Articles

Taxe sur les holdings 2026 : définition, taux et critiques

Fonction

Conseiller en gestion de patrimoine

Auteur

date de l'article

Taxe sur les holdings 2026 : définition, taux et critiques
Taxe sur les holdings 2026 : définition, taux et critiques

Taxe sur les holdings 2026 : définition, taux et critiques

La loi de finances pour 2026 a marqué un tournant important pour les holdings patrimoniales. Promulguée le 19 février 2026, elle s’inscrit dans un contexte de réduction du déficit public et de durcissement des dispositifs fiscaux visant les structures considérées comme principalement patrimoniales. Parmi les mesures les plus commentées figure la nouvelle taxe sur certains actifs détenus par les holdings, souvent résumée sous l’expression de “taxe sur les holdings 2026”.

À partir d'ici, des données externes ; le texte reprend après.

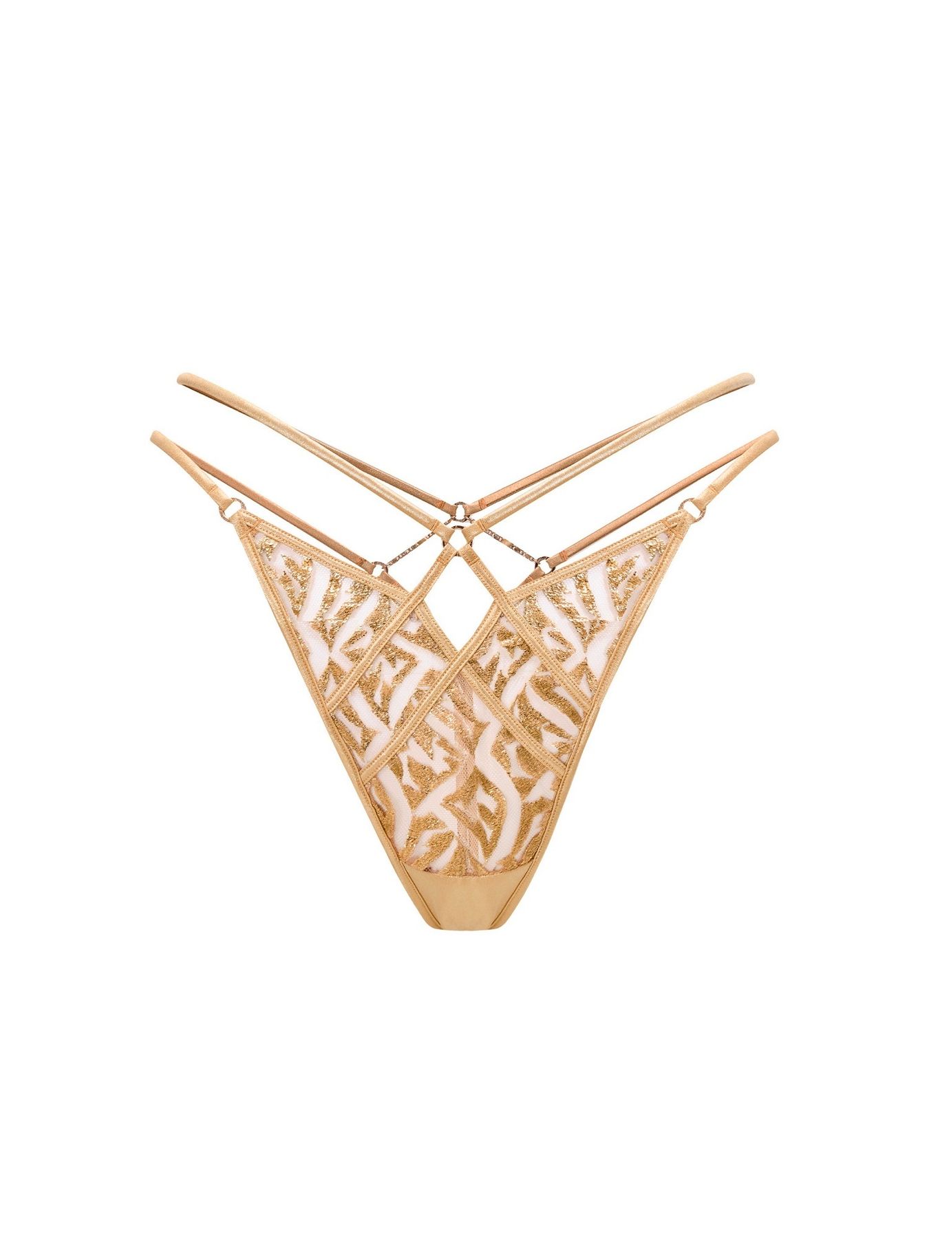 Трусы стринги Awena — это настоящее украшение бельевого гардероба, в котором соблазнительный дизайн сочетается с лёгкостью посадки. Модель выполнена из тончайшего тюля с вышивкой золотистыми нитями, создающими эффект мерцающего орнамента на коже.

Cette réforme ne remet pas en cause l’utilité de la holding comme outil d’organisation, de financement ou de transmission. En revanche, elle impose une lecture beaucoup plus rigoureuse de la nature des actifs détenus, de la provenance des revenus et de la cohérence économique du montage. C’est précisément ce durcissement qui explique les nombreuses critiques formulées depuis l’adoption du texte.

Taxe sur les holdings 2026 : définition simple

La taxe sur les holdings 2026 est une taxe codifiée à l’article 235 ter C du Code général des impôts. Elle vise les sociétés soumises à l’impôt sur les sociétés qui détiennent certains actifs non affectés à une activité opérationnelle, lorsque ces sociétés présentent un profil patrimonial marqué. Le texte ne vise donc pas toutes les holdings, mais une catégorie bien précise de structures à prépondérance de revenus passifs.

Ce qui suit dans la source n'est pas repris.